University of Delaware researchers have developed a new high-performance material, known as TuFF (Tailored Universal Feedstock for Forming), with properties equivalent to continuous fiber composites used in aerospace applications. Like sheet metal, TuFF can be stamped into complex shapes. Photo Credit: University of Delaware Center for Composite Materials.

According to research developers at the University of Delaware’s (UD) Center for Composite Materials (CCM), target applications for its high-performance, short-fiber composite material, TuFF (Tailored Universal Feedstock for Forming), may be far-reaching.
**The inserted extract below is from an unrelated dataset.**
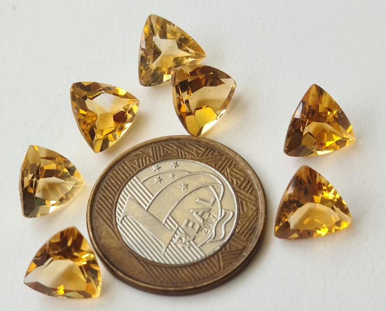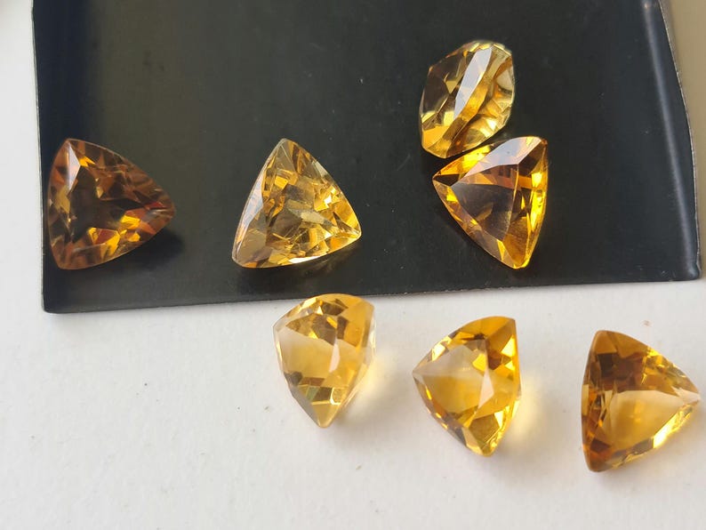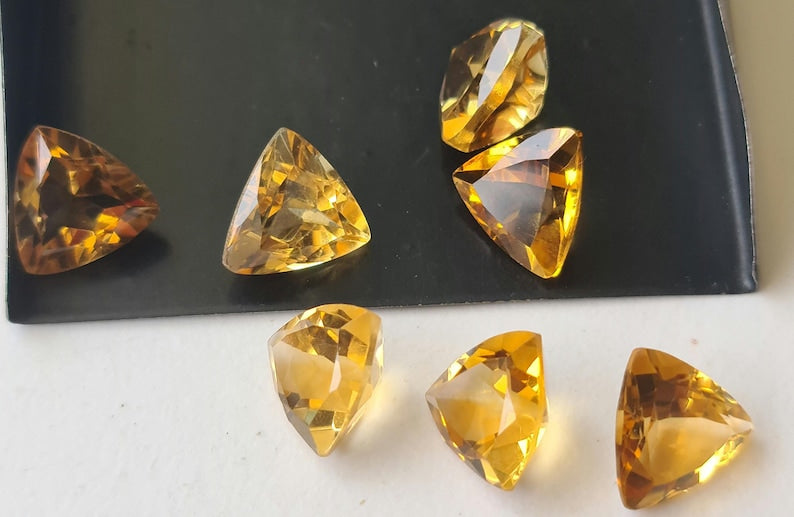 This listing is for 10.5-11mm Citrine Faceted Trillion Cut Stones, Natural Citrine, Loose Ring Size, Citrine For Jewelry, Beautiful AAA Citrine (1Pc to 2Pc)

High strength, ultra-lightweight and highly durably, UD says highly potential markets include defense, oil and gas and even electrical vertical take-off and landing (eVTOL) aircraft. 

Developed as part of a Defense Advanced Projects Agency (DARPA, Arlington, Va., U.S.) Defense Sciences Office program, TuFF is said to have properties equal to composites used in space and aerospace applications. And, according to CCM Director Jack Gillespie, the uses for TuFF are starting to take off.

Gillespie says in 2020 alone, the composite material led to nearly $20 million in federal funding to advance new applications for TuFF across four projects from the National Aeronautics and Space Administration (NASA), the Advanced Research Projects Agency-Energy (ARPA-E), the Office of Naval Research (ONR) and the Department of Energy (DOE).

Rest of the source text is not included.